Please print, exactly, only the lines in the entries below from the line that has "Robe longue vert" through the line that has "TAKE YOUR BEST". Pictures don't go in.

** RECORDS SHOWN follows **

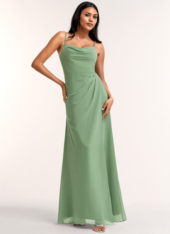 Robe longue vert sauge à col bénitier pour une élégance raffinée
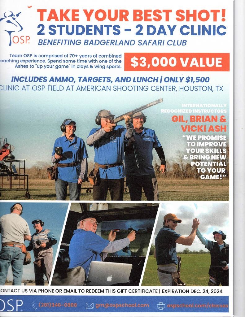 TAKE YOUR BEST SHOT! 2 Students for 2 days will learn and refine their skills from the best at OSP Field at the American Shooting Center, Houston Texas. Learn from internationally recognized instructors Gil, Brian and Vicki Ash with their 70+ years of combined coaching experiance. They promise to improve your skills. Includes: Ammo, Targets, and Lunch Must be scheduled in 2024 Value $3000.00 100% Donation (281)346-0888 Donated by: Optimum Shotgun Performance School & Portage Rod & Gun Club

** End of RECORDS SHOWN **
** RECORDS SHOWN follows **

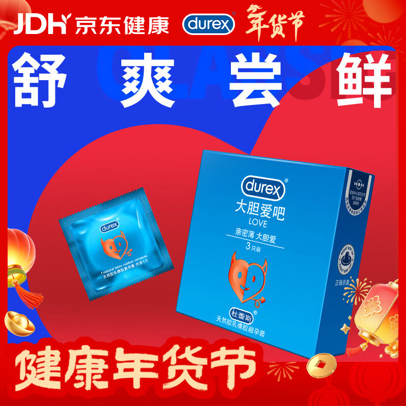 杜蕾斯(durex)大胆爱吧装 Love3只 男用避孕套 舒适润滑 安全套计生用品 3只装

** End of RECORDS SHOWN **

• RESULT FOR THIS EXERCISE
 Robe longue vert sauge à col bénitier pour une élégance raffinée
 TAKE YOUR BEST SHOT! 2 Students for 2 days will learn and refine their skills from the best at OSP Field at the American Shooting Center, Houston Texas. Learn from internationally recognized instructors Gil, Brian and Vicki Ash with their 70+ years of combined coaching experiance. They promise to improve your skills. Includes: Ammo, Targets, and Lunch Must be scheduled in 2024 Value $3000.00 100% Donation (281)346-0888 Donated by: Optimum Shotgun Performance School & Portage Rod & Gun Club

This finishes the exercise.